If any of these apply to you, you'll need to obtain an EIN from the IRS. You can apply for an EIN online through IRS.gov.
💡 Pro Tip: Even if not federally required, many single-member LLC owners choose to get an EIN to keep their business finances separate from personal finances, especially for banking purposes. It can also add a layer of professionalism.

Owner's Draw vs. Salary

When your single-member LLC is taxed as a disregarded entity, you are considered the owner, not an employee, of your business. This means you do not pay yourself a traditional "salary" from the LLC that is subject to payroll taxes (like Social Security and Medicare withholding). Instead, you take money out of the business through an "owner's draw." An owner's draw is simply a transfer of funds from your business bank account to your personal bank account. These draws are not considered a tax-deductible business expense, nor are they subject to payroll taxes at the time they are taken. Your entire net profit, after deducting expenses, is subject to self-employment taxes (Social Security and Medicare) and income tax, regardless of how much you "draw" out of the business.
Key Takeaway: By default, your single-member LLC is a disregarded entity, meaning its income and expenses are reported on your personal tax return using IRS Form 1040, Schedule C. You generally use your SSN unless you have employees, pay excise taxes, or your bank requires an EIN, and you take money out via an owner's draw, not a salary.

Electing S Corporation (S Corp) Status for Your SMLLC

When your single-member LLC (SMLLC) begins to generate significant profit, you might find yourself exploring options to optimize your tax situation. One common strategy for eligible SMLLCs is to elect S Corporation (S Corp) status for federal tax purposes. This election can potentially reduce your self-employment tax burden, making it an attractive consideration for growing businesses.
Key Takeaway: Electing S Corp status for your SMLLC can offer potential self-employment tax savings by allowing you to take a portion of your profits as distributions rather than solely as self-employment income, but it requires specific IRS forms and ongoing payroll compliance.

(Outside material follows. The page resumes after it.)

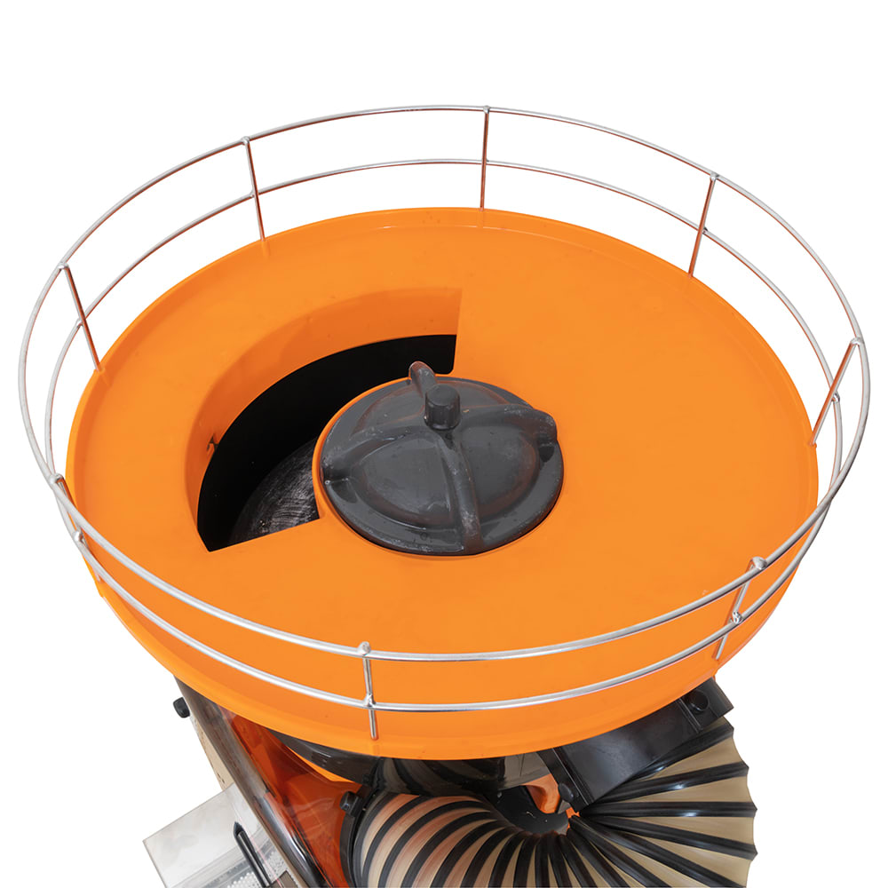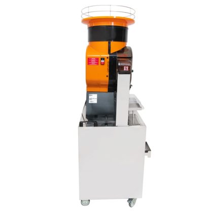 - Automatic carousel style feeder feeds oranges into machine quickly and efficiently

Understanding the Benefits of S Corp Election

By default, an SMLLC is treated as a "disregarded entity" by the IRS, meaning its income and expenses are reported directly on the owner's personal tax return, typically Schedule C (Form 1040). All net earnings from the business are subject to self-employment tax.
What is Self-Employment Tax? Self-employment tax is a tax consisting of Social Security and Medicare taxes primarily for individuals who work for themselves. It's similar to the Social Security and Medicare taxes withheld from the pay of most wage earners. The self-employment tax rate is 15.3% on net earnings from self-employment (12.4% for social security up to an annual limit and 2.9% for Medicare with no limit).
When an SMLLC elects S Corp status, the business is no longer treated as a disregarded entity. Instead, it becomes a pass-through entity, similar to a partnership, but with a key difference regarding owner compensation. As an S Corp owner who actively works in the business, you are required to pay yourself a "reasonable salary." This salary is subject to payroll taxes (Social Security and Medicare), just like an employee's wages. Any remaining profits can then be taken as distributions, which are generally not subject to self-employment tax. This distinction is the primary driver for many entrepreneurs considering S Corp election.

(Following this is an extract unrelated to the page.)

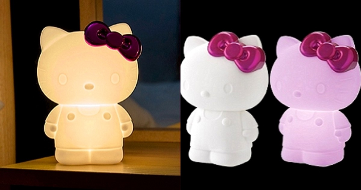한번 톡 터치하면 불이 켜진다. 본래 하얀색이었던 몸은 노랑 헬로키티로, 그다음에는 핑크 헬로키티로 변신한다.

The Process for Electing S Corp Status

Electing S Corp status for your SMLLC is a straightforward process, but it requires careful attention to deadlines. To make the election, you must file IRS Form 2553, "Election by a Small Business Corporation." This form informs the IRS that your LLC wishes to be taxed as an S Corporation. Generally, Form 2553 must be filed by the 15th day of the third month of the tax year the election is to take effect, or at any time during the tax year preceding the tax year it is to take effect. For a calendar year taxpayer, this means March 15th for the current tax year.

Annual Tax Filing Requirements for an S Corp

Once your SMLLC is taxed as an S Corp, your single member LLC tax filing requirements change significantly. The business itself will now file a separate informational tax return with the IRS. The primary form for an S Corp is IRS Form 1120-S, "U.S. Income Tax Return for an S Corporation." This form reports the S Corp's income, gains, losses, deductions, and credits. While the S Corp files this return, it does not pay income tax at the corporate level; instead, these items are "passed through" to the owner.
💡 Pro Tip: Due to the complexity of S Corp tax filings, including payroll and specific reporting requirements, many single-member LLC owners choose to work with a qualified tax professional to ensure compliance and maximize potential tax benefits.

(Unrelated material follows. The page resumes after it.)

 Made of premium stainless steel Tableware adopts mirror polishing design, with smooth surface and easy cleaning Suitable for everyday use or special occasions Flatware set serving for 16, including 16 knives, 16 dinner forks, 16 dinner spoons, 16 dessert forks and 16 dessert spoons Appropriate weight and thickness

Reporting Profits and Losses to the Owner: Schedule K-1

After the S Corp files Form 1120-S, it must then issue a Schedule K-1 (Form 1120-S), "Shareholder's Share of Income, Deductions, Credits, etc.," to each shareholder. For an SMLLC, this means you, the owner, will receive a Schedule K-1. This document details your share of the S Corp's income, losses, deductions, and credits. You will then use the information from your Schedule K-1 to report these items on your personal income tax return, IRS Form 1040. This is how the "pass-through" taxation works, ensuring that the business's profits and losses are ultimately taxed at the individual owner level.

Understanding the "Reasonable Salary" Requirement

A critical aspect of S Corp taxation for an SMLLC owner is the requirement to pay yourself a "reasonable salary." The IRS mandates that S Corp owners who perform services for the corporation must receive compensation that is "reasonable" for the services performed. This salary is subject to federal income tax withholding, Social Security, and Medicare taxes, just like any other employee's wages. To manage this, your S Corp will need to operate a payroll system. This involves filing forms such as Form 941, "Employer's Quarterly Federal Tax Return," and Form 940, "Employer's Annual Federal Unemployment (FUTA) Tax Return." You will also receive a Form W-2, "Wage and Tax Statement," from your S Corp, reporting your salary and withheld taxes. The determination of what constitutes a "reasonable salary" can be complex and depends on various factors, including your industry, experience, and geographic location. It's an area where consulting with a tax professional is highly recommended to ensure compliance and avoid potential IRS scrutiny.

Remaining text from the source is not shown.